These are the key concepts you need to understand to accurately answer the question.

Fluid Mechanics
Fluid mechanics is a branch of physics that studies the behavior of fluids (liquids and gases) and the forces on them. It is essential for understanding a variety of real-world scenarios, from simple plumbing to complex aerodynamics. A fundamental principle of fluid mechanics is that fluids can exert pressure and can flow with varying speeds, depending on their environment and the forces acting upon them.

In practice, fluid mechanics allows us to predict how fluids will move and interact with their surroundings, which is crucial for designing systems involving anything from water pipes to jet engines.
Flow Rate
Flow rate is a term used in fluid mechanics to describe the volume of fluid that passes through a given surface per unit of time. It is usually denoted as Q and is measured in units such as cubic feet per second (ft³/s) or liters per minute (L/min). The concept of flow rate is central to understanding fluid movement and is used to design systems that can handle the transport of fluids at various rates, ensuring that pipes, channels, and pumps are appropriately sized.

For example, a nozzle discharging water at a constant rate is directly related to how much water is being moved through the system and is a critical factor in calculating forces that act within and upon the system.
Pressure and Forces in Fluids
Pressure in fluids is a measure of the force exerted by a fluid per unit area, often described in the unit pounds per square inch (psi) or Pascals (Pa). It is an important concept in understanding how fluids interact with their containers and any objects they encounter.

This force arises from the movement and collision of molecules within the fluid. The pressure can vary significantly within a fluid system due to changes in velocity and elevation – a principle captured by Bernoulli's equation.

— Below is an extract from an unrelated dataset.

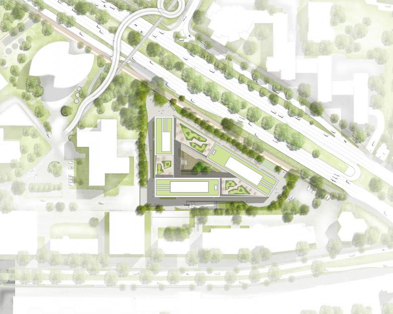 Durch die Komposition aus drei Gebäudeflügeln, die sich um einen dreieckigen Innenhof gruppieren, entsteht ein skulpturaler Baukörper mit markanter Architektur und hohem Wiedererkennungswert. Die dynamische Formensprache wird gestalterisch konsistent in allen Dimensionen des Gebäudes bis hin zur Fassadengestaltung umgesetzt.

Engineers and scientists use this concept to analyze and design systems such as dams, water treatment plants, and even blood circulation systems. In solving problems, they calculate the forces exerted by the fluid to ensure structural integrity and proper functionality of systems.
Velocity of Fluid
The velocity of a fluid refers to the speed and direction of the fluid particles in motion. In fluid mechanics, the understanding of fluid velocity is crucial as it impacts the flow rate and pressure within a system. The velocity can be altered by changes in cross-sectional area of the flow path, obstructions, and other forces acting on the fluid.

In the example of a nozzle discharging water, the velocity of the fluid changes from one section of the nozzle to another. This is described by the Continuity Equation, which in simple terms states that the product of the cross-sectional area and the fluid velocity at any two points along a streamline must be constant for an incompressible fluid, assuming the flow rate remains constant.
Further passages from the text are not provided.